THE DATA -
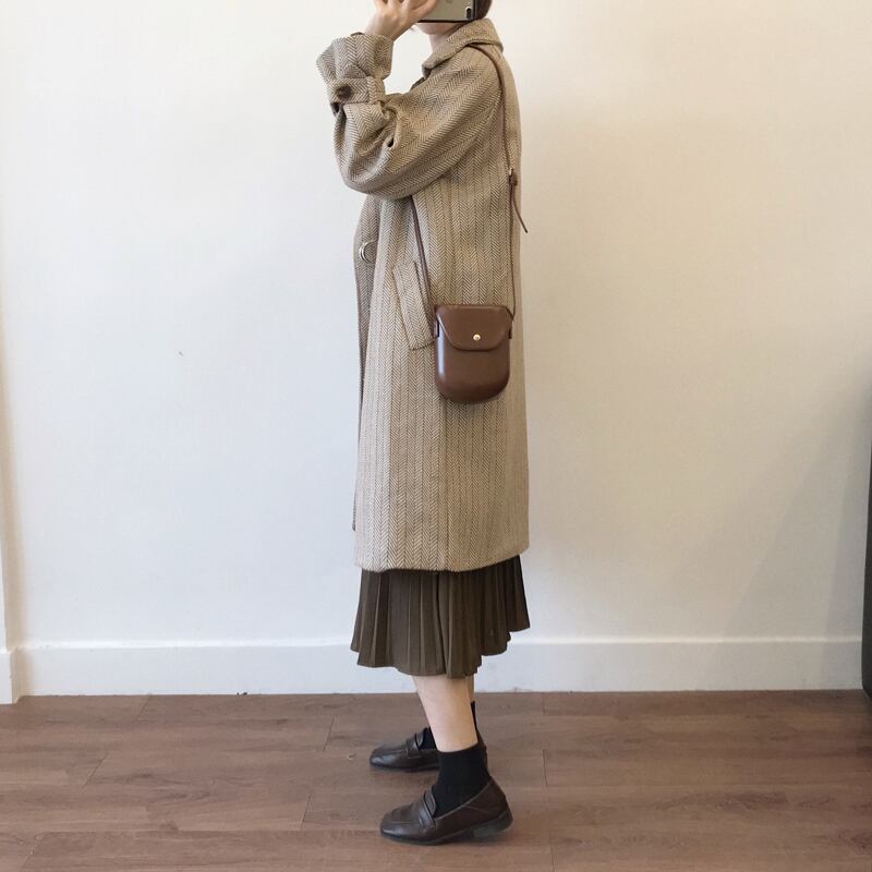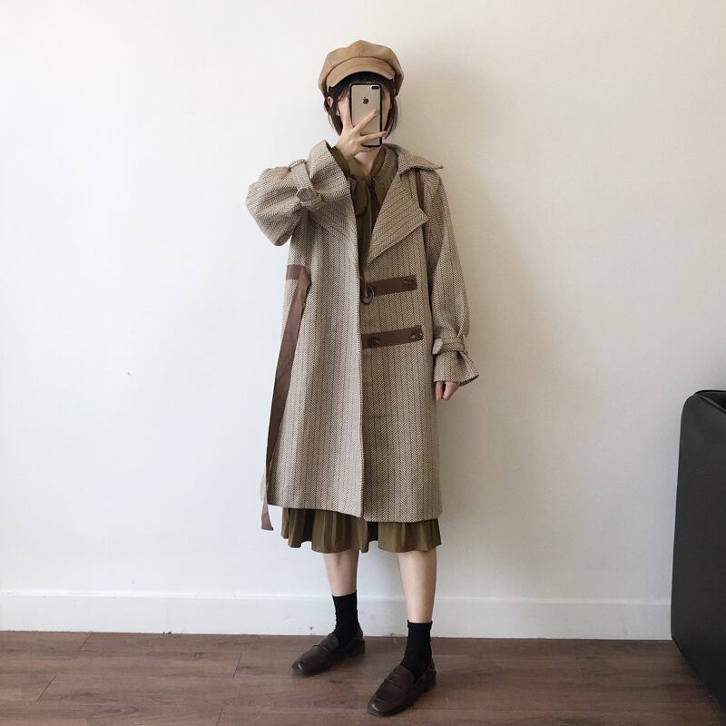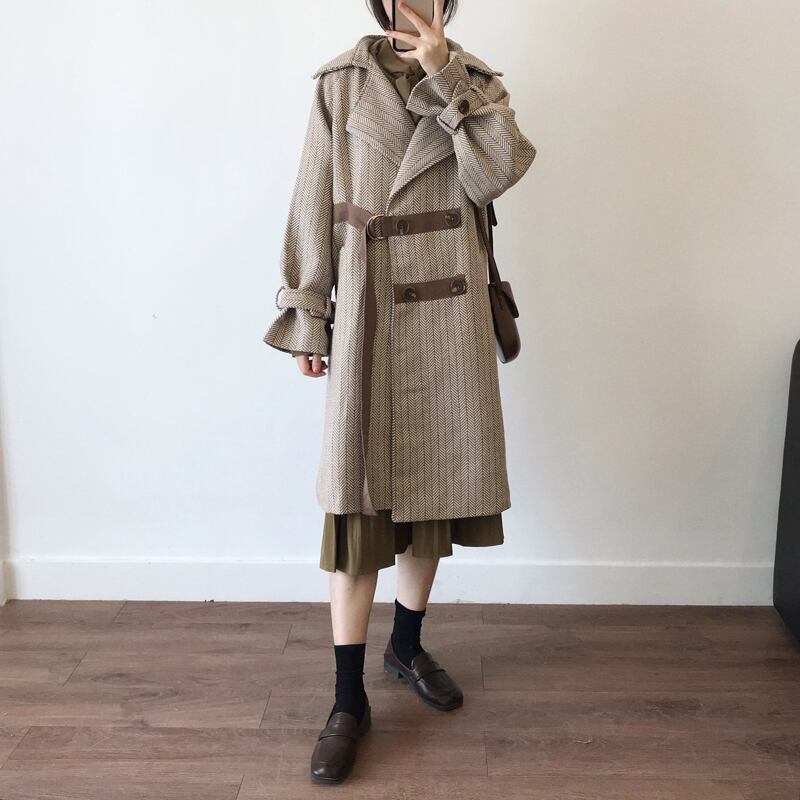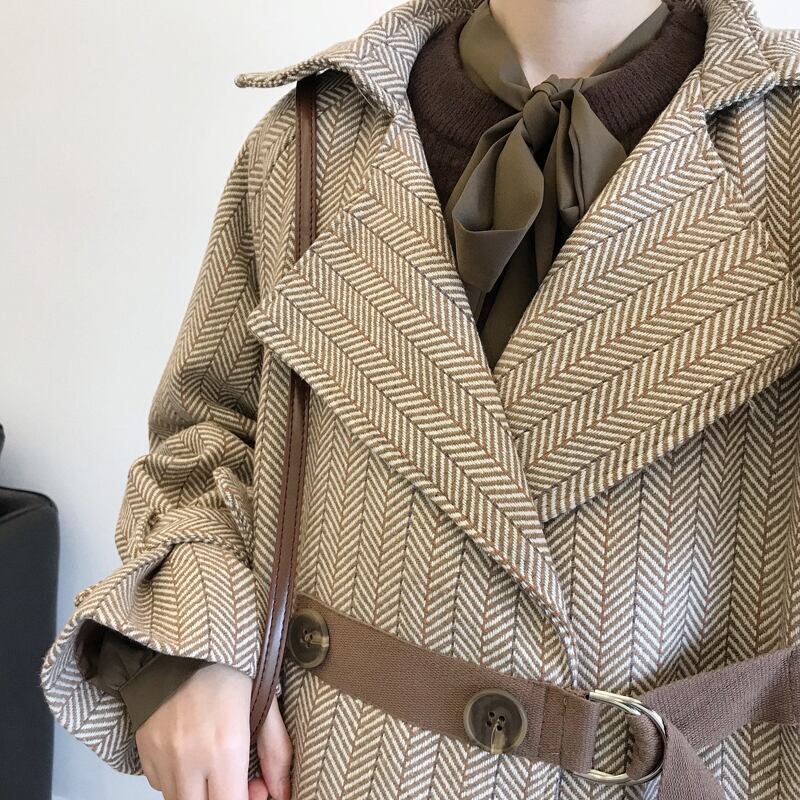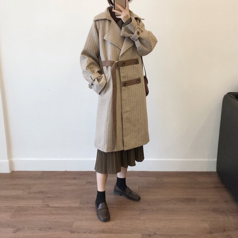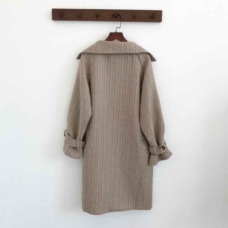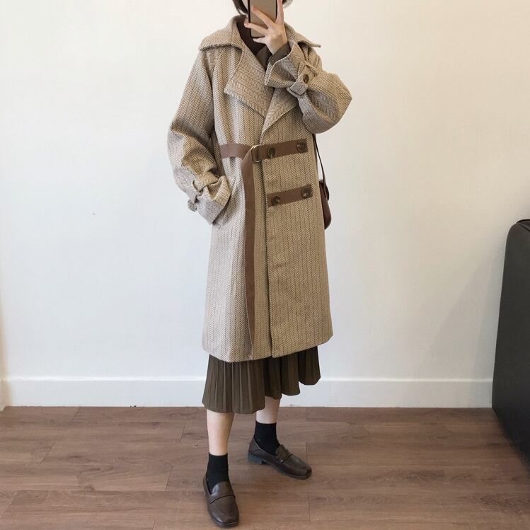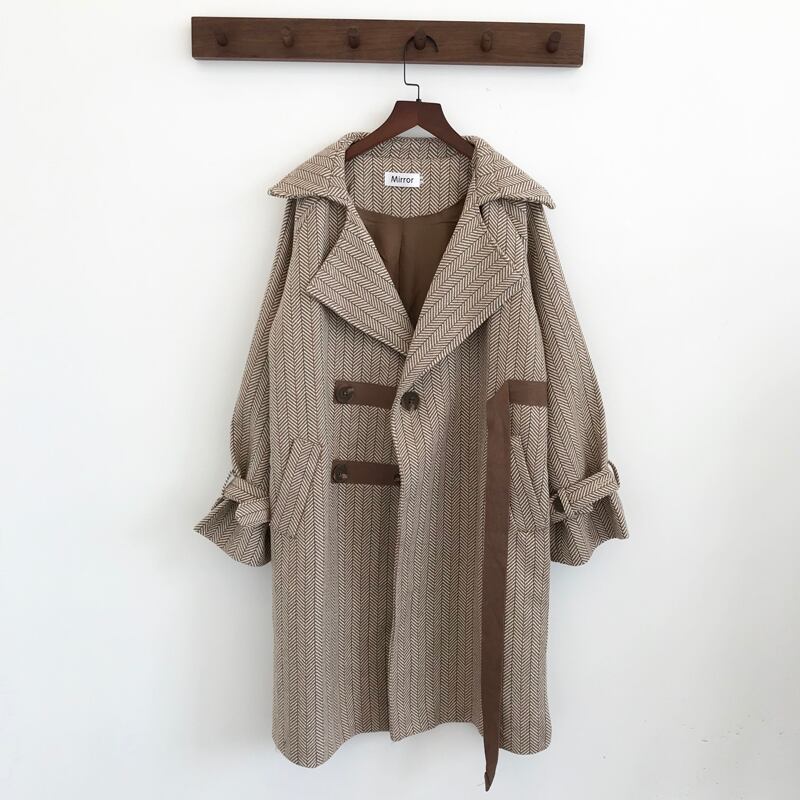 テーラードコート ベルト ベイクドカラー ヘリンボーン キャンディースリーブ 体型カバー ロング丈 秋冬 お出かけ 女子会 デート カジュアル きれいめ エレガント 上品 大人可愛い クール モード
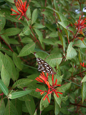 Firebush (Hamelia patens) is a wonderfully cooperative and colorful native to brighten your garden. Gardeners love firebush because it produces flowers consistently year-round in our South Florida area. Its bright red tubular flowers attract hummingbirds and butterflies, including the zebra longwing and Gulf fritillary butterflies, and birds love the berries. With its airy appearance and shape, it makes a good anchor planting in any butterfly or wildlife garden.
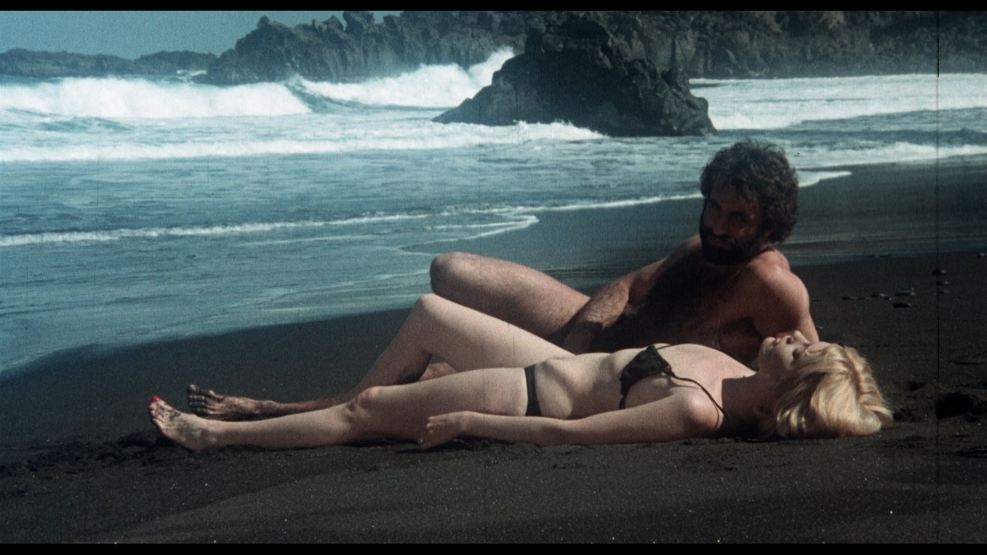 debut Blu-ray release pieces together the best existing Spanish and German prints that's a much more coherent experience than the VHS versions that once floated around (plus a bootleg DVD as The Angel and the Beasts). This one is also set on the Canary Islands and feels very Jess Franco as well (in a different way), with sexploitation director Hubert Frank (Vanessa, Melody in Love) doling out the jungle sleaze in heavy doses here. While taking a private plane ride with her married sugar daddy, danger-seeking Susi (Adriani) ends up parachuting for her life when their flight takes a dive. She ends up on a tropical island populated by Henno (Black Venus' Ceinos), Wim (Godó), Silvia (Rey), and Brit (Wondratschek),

GOAL OF THE EXERCISE -
Only the lines from the top of the material through the line containing "Firebush (Hamelia patens)" should be written out, exactly and without pictures.

WRITTEN ANSWER -
 テーラードコート ベルト ベイクドカラー ヘリンボーン キャンディースリーブ 体型カバー ロング丈 秋冬 お出かけ 女子会 デート カジュアル きれいめ エレガント 上品 大人可愛い クール モード
 Firebush (Hamelia patens) is a wonderfully cooperative and colorful native to brighten your garden. Gardeners love firebush because it produces flowers consistently year-round in our South Florida area. Its bright red tubular flowers attract hummingbirds and butterflies, including the zebra longwing and Gulf fritillary butterflies, and birds love the berries. With its airy appearance and shape, it makes a good anchor planting in any butterfly or wildlife garden.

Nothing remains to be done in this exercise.